**Given material:**
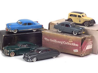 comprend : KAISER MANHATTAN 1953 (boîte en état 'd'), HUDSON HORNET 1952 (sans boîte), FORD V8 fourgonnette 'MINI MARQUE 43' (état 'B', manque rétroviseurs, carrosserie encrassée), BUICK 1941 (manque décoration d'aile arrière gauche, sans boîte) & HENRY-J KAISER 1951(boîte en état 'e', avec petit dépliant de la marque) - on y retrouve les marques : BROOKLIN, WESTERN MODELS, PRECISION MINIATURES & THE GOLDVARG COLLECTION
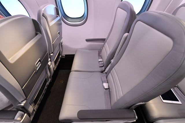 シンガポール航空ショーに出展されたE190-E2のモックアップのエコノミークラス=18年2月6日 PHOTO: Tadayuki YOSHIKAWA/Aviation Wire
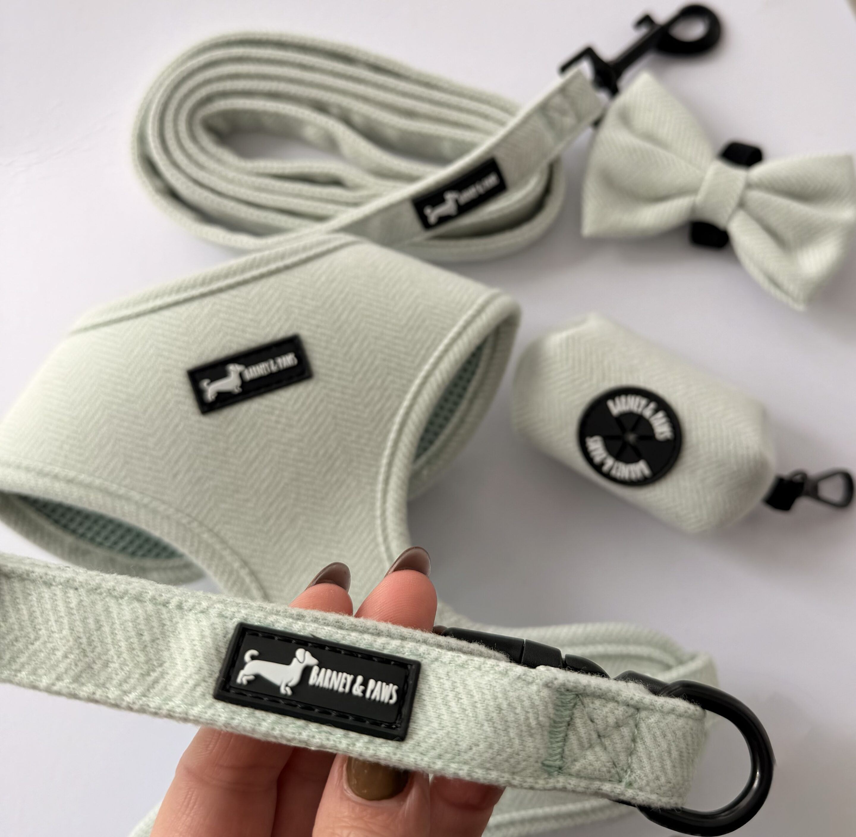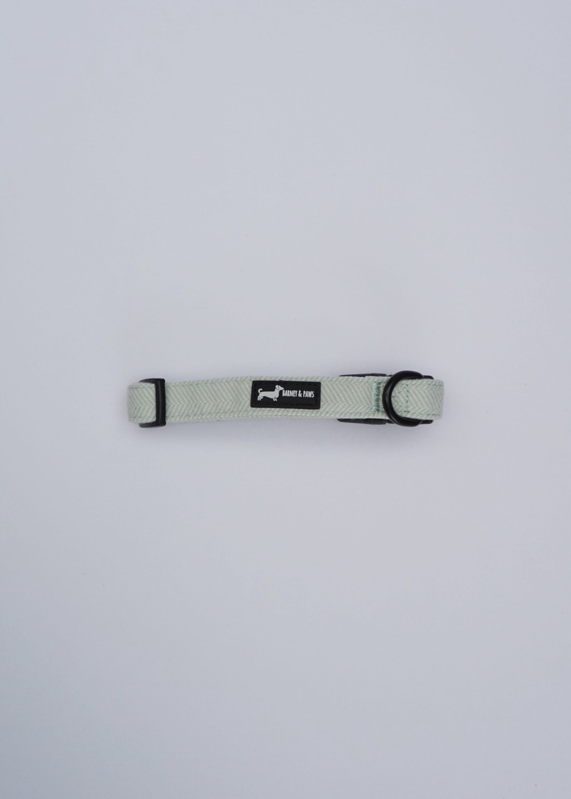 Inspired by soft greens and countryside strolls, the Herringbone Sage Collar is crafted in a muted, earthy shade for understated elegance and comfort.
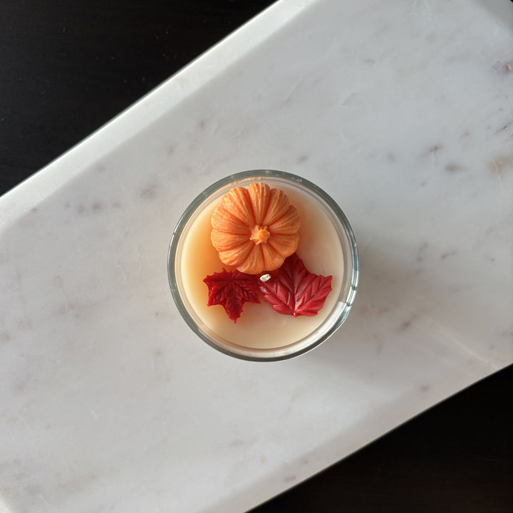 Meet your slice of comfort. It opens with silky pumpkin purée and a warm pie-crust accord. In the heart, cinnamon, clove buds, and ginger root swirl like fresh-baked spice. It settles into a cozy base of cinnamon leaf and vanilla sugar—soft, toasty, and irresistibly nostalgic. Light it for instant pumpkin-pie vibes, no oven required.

**What is needed:** Send back the data above verbatim, leaving out its pictures.

**Solution to this problem:**
 comprend : KAISER MANHATTAN 1953 (boîte en état 'd'), HUDSON HORNET 1952 (sans boîte), FORD V8 fourgonnette 'MINI MARQUE 43' (état 'B', manque rétroviseurs, carrosserie encrassée), BUICK 1941 (manque décoration d'aile arrière gauche, sans boîte) & HENRY-J KAISER 1951(boîte en état 'e', avec petit dépliant de la marque) - on y retrouve les marques : BROOKLIN, WESTERN MODELS, PRECISION MINIATURES & THE GOLDVARG COLLECTION
 シンガポール航空ショーに出展されたE190-E2のモックアップのエコノミークラス=18年2月6日 PHOTO: Tadayuki YOSHIKAWA/Aviation Wire
 Inspired by soft greens and countryside strolls, the Herringbone Sage Collar is crafted in a muted, earthy shade for understated elegance and comfort.
 Meet your slice of comfort. It opens with silky pumpkin purée and a warm pie-crust accord. In the heart, cinnamon, clove buds, and ginger root swirl like fresh-baked spice. It settles into a cozy base of cinnamon leaf and vanilla sugar—soft, toasty, and irresistibly nostalgic. Light it for instant pumpkin-pie vibes, no oven required.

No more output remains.